Universal energy access: combining public and private sector efforts

Donors, governments and businesses need to collaborate more strategically to finance pro-poor energy access. This is a key message from a new IIED discussion paper Sharing the Load.

Emma Wilson's picture
Blog by 
Emma Wilson
30 September 2014
Low-cost solar lanterns enable a boy to study at home in the small village of Shidhulai in the Natore District of northwestern Bangladesh (Photo: G.M.B. Akash/PANOS)

Low-cost solar lanterns enable a boy to study at home in the small village of Shidhulai in the Natore District of northwestern Bangladesh (Photo: G.M.B. Akash/PANOS)

The world expects the private sector to help deliver universal energy access — not necessarily because it's best placed to do the job, but because public finance alone can't. But the task is not simple, as we explore in Sharing the Load.
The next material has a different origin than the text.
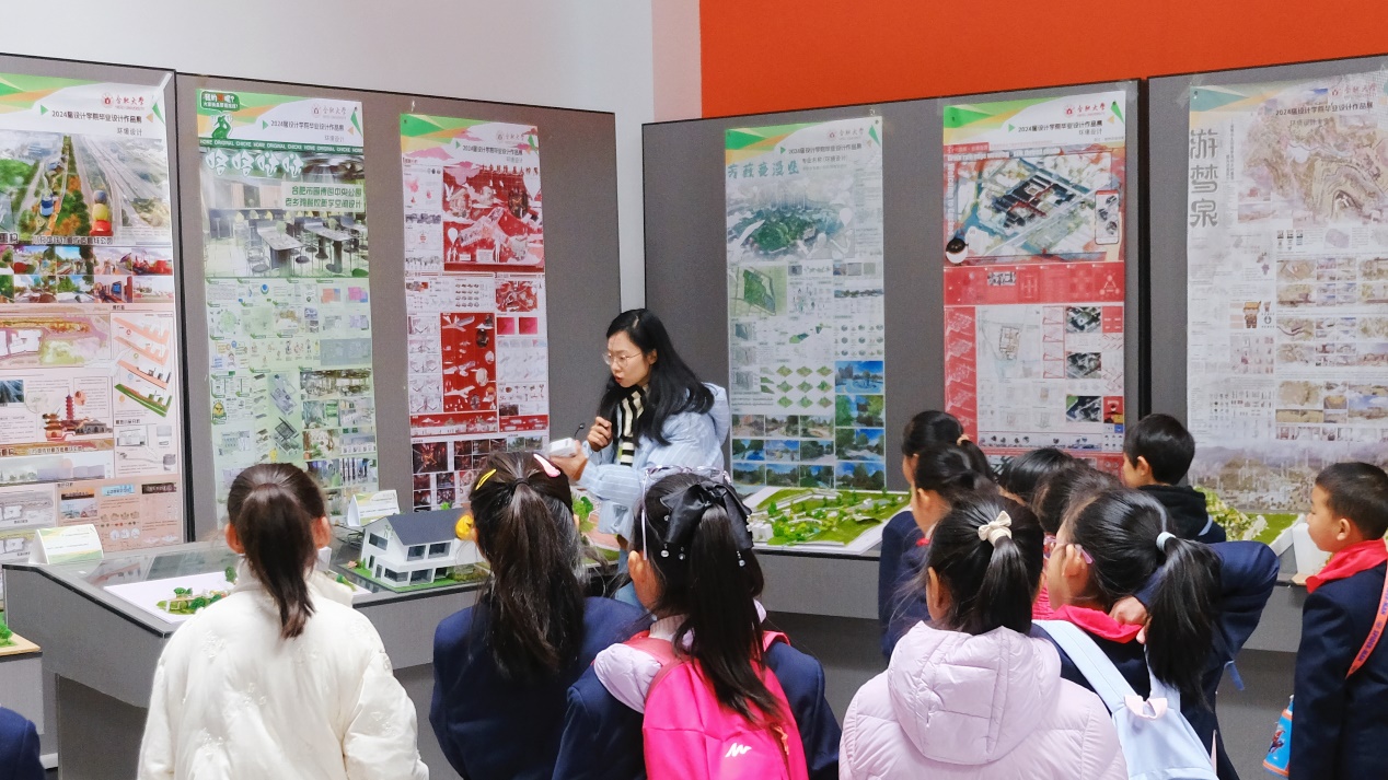隨后,學生們一同步入合肥大學設計學院,開啟了一場富有創意與教育意義的參觀之旅。設計學院的胡明璐老師親自為學生們講解了展廳中各類設計專業的創新成果,涵蓋了環境設計、動畫、視覺傳達等領域的前沿作品。通過對這些作品的深入解析,學生們不僅了解了現代設計如何緊密結合社會需求,還進一步領悟了設計的創新理念與實際應用。參觀激發了同學們對設計學科的濃厚興趣,促使他們思考如何將設計思維與社會責任相結合,以提升個人的文化素養與創新能力,拓寬視野,并激發了他們對學術探索和創意實踐的熱情。

The idea behind Sharing the Load is to trigger discussion and sharing of ideas, and we look forward to hearing from you in the comments section below this blog.

What is the problem?

Public and private finance for energy access is often directed towards large-scale infrastructure and on-grid distribution, where commercial viability and returns are assured.

Decentralised and low-income markets tend to be neglected because investments here are long term, low return and high risk. Yet there are innovative energy enterprises in developing countries, including those supported by the Ashden Awards. Such markets need time to mature, but there is increasing interest from impact investors (PDF)

Businesses need paying customers to cover their costs and risks. By engaging closely with those customers, businesses can design goods and services to be affordable and desirable, to stimulate 'willingness to pay'. Yet businesses that try to serve poor customers at the 'base of the (economic) pyramid', often end up serving less poor customers (those who can pay enough to ensure the business succeeds).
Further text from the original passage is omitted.